_Dataset excerpt_:
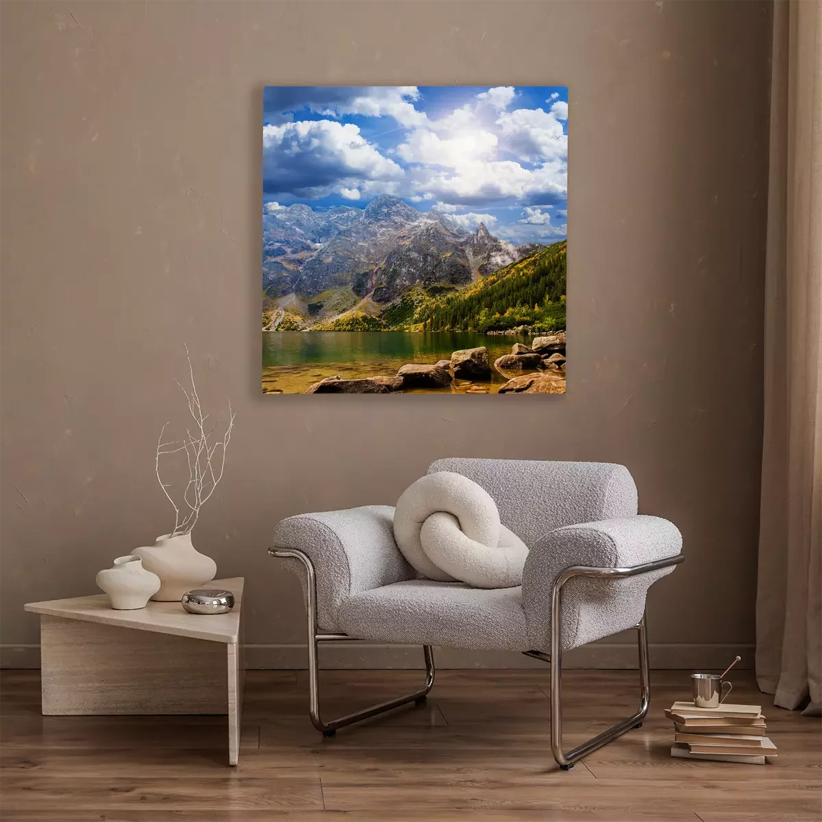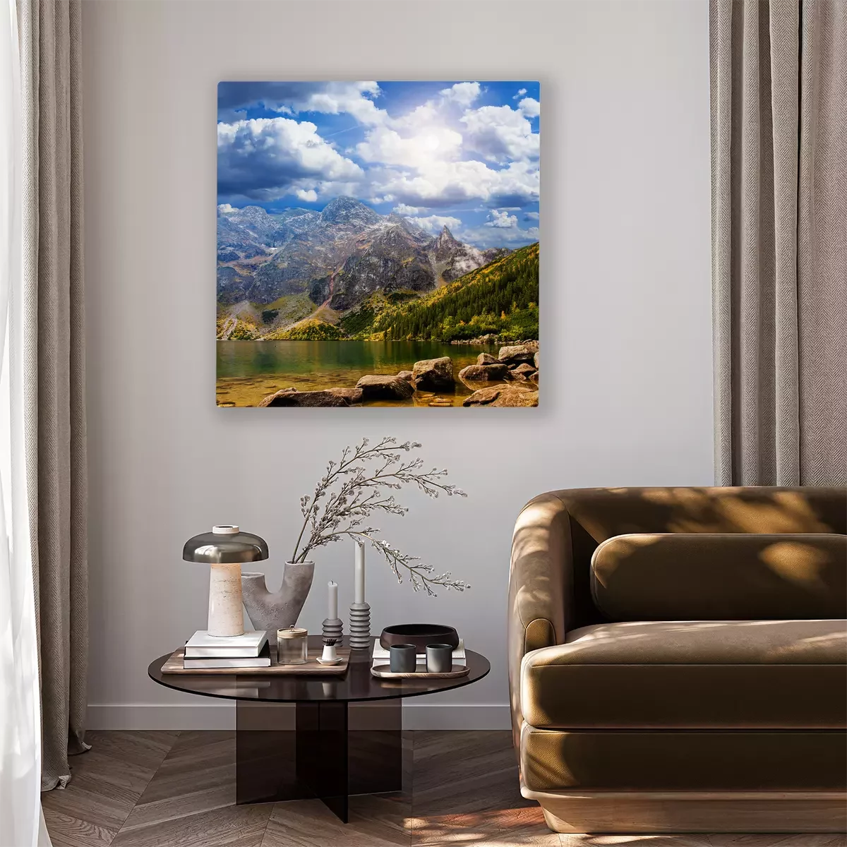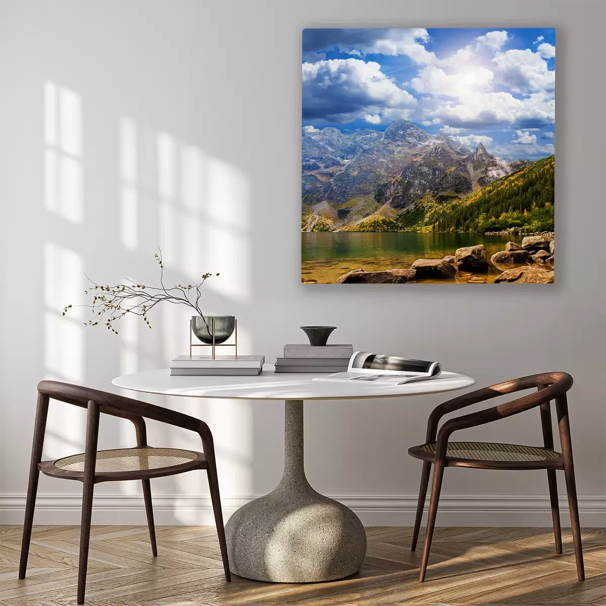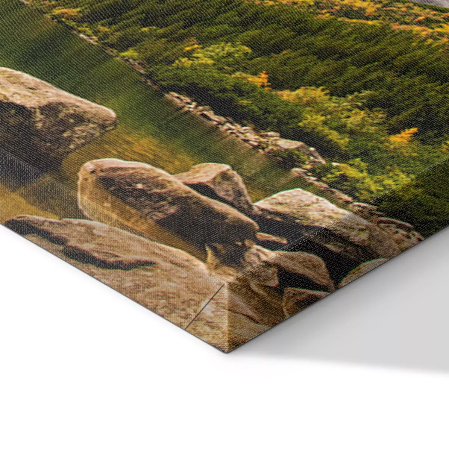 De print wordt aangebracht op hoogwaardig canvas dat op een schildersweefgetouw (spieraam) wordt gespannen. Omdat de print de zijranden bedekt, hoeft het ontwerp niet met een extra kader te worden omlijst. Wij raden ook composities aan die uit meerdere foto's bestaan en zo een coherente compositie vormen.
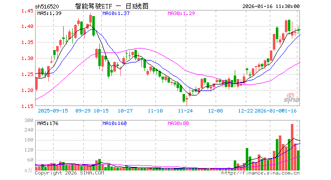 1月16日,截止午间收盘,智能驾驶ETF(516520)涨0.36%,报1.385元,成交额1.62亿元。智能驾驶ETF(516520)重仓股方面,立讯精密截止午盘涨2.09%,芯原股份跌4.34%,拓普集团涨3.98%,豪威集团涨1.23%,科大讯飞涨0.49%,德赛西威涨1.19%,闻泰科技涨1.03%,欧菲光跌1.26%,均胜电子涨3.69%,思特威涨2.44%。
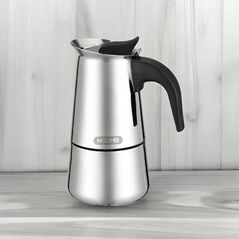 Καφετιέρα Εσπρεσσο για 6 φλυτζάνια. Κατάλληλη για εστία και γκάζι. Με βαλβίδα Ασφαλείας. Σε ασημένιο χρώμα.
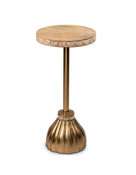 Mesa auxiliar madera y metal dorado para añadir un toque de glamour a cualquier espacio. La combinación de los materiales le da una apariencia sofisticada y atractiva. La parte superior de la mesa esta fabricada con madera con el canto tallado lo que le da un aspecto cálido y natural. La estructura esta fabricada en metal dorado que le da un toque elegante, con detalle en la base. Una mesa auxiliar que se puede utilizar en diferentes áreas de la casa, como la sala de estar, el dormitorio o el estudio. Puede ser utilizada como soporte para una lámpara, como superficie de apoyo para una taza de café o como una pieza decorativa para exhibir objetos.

_Exercise details_:
Write out the material above without changing a word, and skip any picture.

_Exercise output_:
 De print wordt aangebracht op hoogwaardig canvas dat op een schildersweefgetouw (spieraam) wordt gespannen. Omdat de print de zijranden bedekt, hoeft het ontwerp niet met een extra kader te worden omlijst. Wij raden ook composities aan die uit meerdere foto's bestaan en zo een coherente compositie vormen.
 1月16日,截止午间收盘,智能驾驶ETF(516520)涨0.36%,报1.385元,成交额1.62亿元。智能驾驶ETF(516520)重仓股方面,立讯精密截止午盘涨2.09%,芯原股份跌4.34%,拓普集团涨3.98%,豪威集团涨1.23%,科大讯飞涨0.49%,德赛西威涨1.19%,闻泰科技涨1.03%,欧菲光跌1.26%,均胜电子涨3.69%,思特威涨2.44%。
 Καφετιέρα Εσπρεσσο για 6 φλυτζάνια. Κατάλληλη για εστία και γκάζι. Με βαλβίδα Ασφαλείας. Σε ασημένιο χρώμα.
 Mesa auxiliar madera y metal dorado para añadir un toque de glamour a cualquier espacio. La combinación de los materiales le da una apariencia sofisticada y atractiva. La parte superior de la mesa esta fabricada con madera con el canto tallado lo que le da un aspecto cálido y natural. La estructura esta fabricada en metal dorado que le da un toque elegante, con detalle en la base. Una mesa auxiliar que se puede utilizar en diferentes áreas de la casa, como la sala de estar, el dormitorio o el estudio. Puede ser utilizada como soporte para una lámpara, como superficie de apoyo para una taza de café o como una pieza decorativa para exhibir objetos.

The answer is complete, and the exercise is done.